Chantico Chocolate Cake

So a while back I persuaded Mike to make a spiced chocolate stout, because as a lover of South American foods, I am heartily sick of chilli chocolate stouts made with raw green chillis or pure capsaicin*.
We based the recipe on Mole Poblano (not mole the burrowing mammal and curse of lawns but mo-ley, a rich paste made from roasted chiles, chocolate, nuts & spices popular in Mexico), crammed it full of roasted Ancho, Pasilla & Mulato chiles, fairtrade cocoa, cinnamon and peppercorns. And its pretty damn good.

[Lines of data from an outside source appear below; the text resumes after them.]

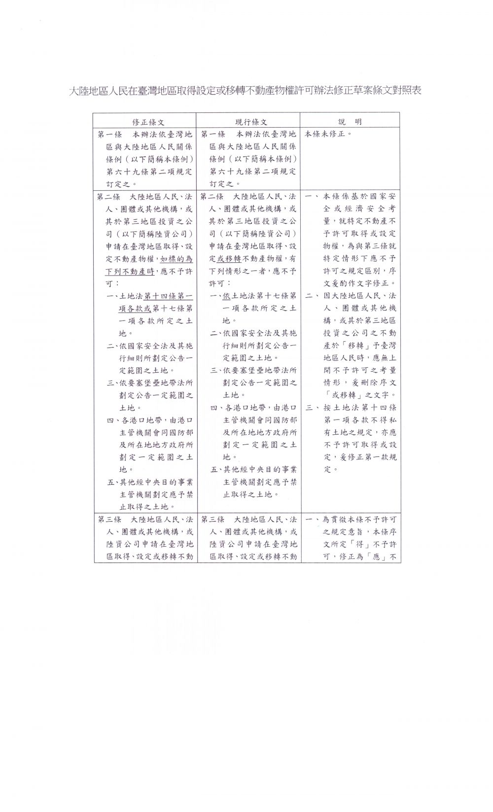 大陸地區人民在臺灣地區取得設定或移轉不動產物權許可辦法修正草案總說明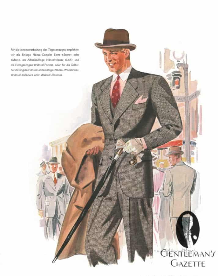 Un exemple d’élégance automnale : costume gris à revers crantés, chemise Winchester rose, pochette rose et gants beiges.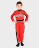 Red racer overall with zip at front and belt with burdock closure.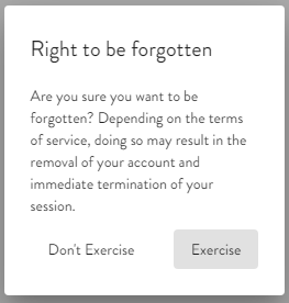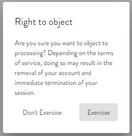 Object to usage of personal data - Depending on the Terms of Service, objecting to the use of your personal data may result in the removal of your account and termination of the current session to which you are logged in. If you are unsure, click Don't Exercise and contact the administrator. Otherwise, click Exercise.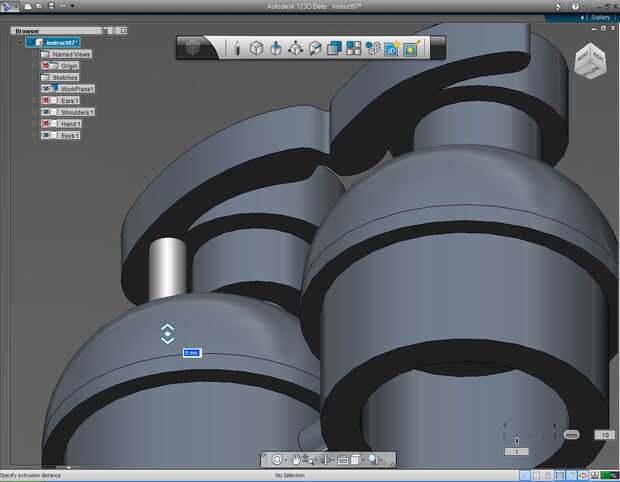 10. arrastra la flecha bidireccional para especificar la altura del cilindro de 8mm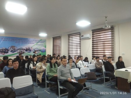 Jumladan, «Iqtisodiyot va gumanitar» fanlar kafedrasi Yoshlar bilan ishlash, ma'naviyat va ma'rifat bo‘limi tomonidan Prezident murojaatnomasining mazmun-mohiyati va ahamiyati talaba-yoshlarga keng tushuntirildi. Yoshlar bilan ishlash bo‘yicha dekan muovini va jismoniy tarbiya o‘qituvchisi hamda tyutorlar boshchiligida talabalar o‘rtasida voleybol, stol tennisi, mini-futbol sport turlari bo‘yicha musobaqalar tashkil etildi.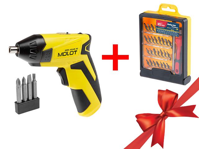 Аккум. шуруповерт MOLOT MBS 4048 Ni в блистере+ набор бит + АКЦИЯ (набор бит Wortex в подарок!) (набор бит 33 пр. Wortex в подарок!)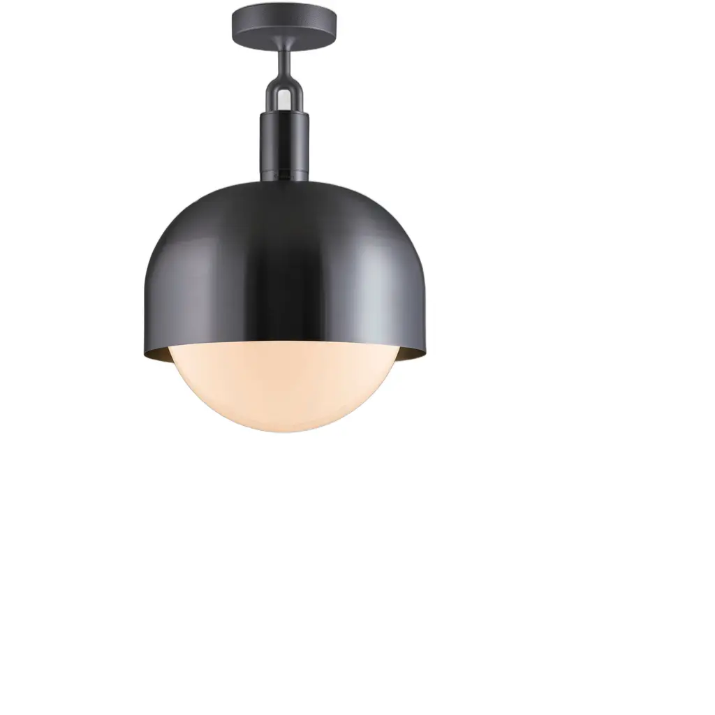 A ceiling light and shade, combining machined, hand-spun and cast solid metal, all refined by hand. It features our cast forked detailing and signature diamond-cut linear knurling. The light comes complete with a handblown opal glass globe and Forked-specific dimmable Buster Bulb, casting a functional ambient light in this configuration.

 We named it Chantico (pronounced Chan-TEE-co), after the Aztec goddess of home fires & volcanos. Here she is dressed as a red snake with a crown of cactus leaves. She was turned into a dog after eating paprika (so no paprika in our stout!) and had a tendency to go batshit if anyone touched her stuff (and I'm sure we can all appreciate that)
And, aside from drinking it, what better use of a fruity, spicy chocolate stout is there? Making a cake, of course! And not just any old cake, a seriously decadent, damp & slightly bitter cake topped with a foamy head.

Chantico Chocolate Cake

For The Cake
250g butter
200g plain chocolate
300g demerara sugar
250ml chantico (or any well flavoured stout)
300g plain flour
50g cocoa
2 eggs
2tsp baking powder

For The Topping
300g Mascarpone
100ml double cream
150g icing sugar

You'll also need a 23cm springform cake tin

Preheat the oven to 180C/G4. Throw the butter, stout (there will be half a bottle left, better drink it!) & plain chocolate in a large pan & put over a low heat until the butter & chocolate melts. Resist the urge to just drink the mix. Remove from the heat, add the sugar & stir. Leave to cool for a few minutes and whisk in the eggs and cocoa powder. Add the flour & baking powder & mix well. If the mix is a little stiff add a splash of stout (if you've drunk all the stout milk will do). Pour into the cake tin & bake for 45 minutes to 1 hour, until it is firm to the touch and a skewer stabbed into the centre (if you favour the Vlad the Impaler approach to cake making) comes out clean. Leave to cool in the tin & turn out.
For the topping, whip the cream to stiff peaks. In a separate bowl whisk the mascarpone, then add the icing sugar 50g at a time (you might want to sieve the icing sugar if its a bit lumpy). Fold in the whipped cream & spread over the cake to give it a creamy, foamy head.

This works just as well as a filling, if you want a sandwich cake. Divide the mixture between two 23cm springform cake tins & bake for 25-30 minutes.
This recipe also works really well with Belgian fruit beers like Kriek (lambic cherry beer) or with a strong old ale.

*Wow, it must have taken you 8 seconds to come up with that. May Quetzalcoatl fly out of the sun and punch you in the throat. And also eat you.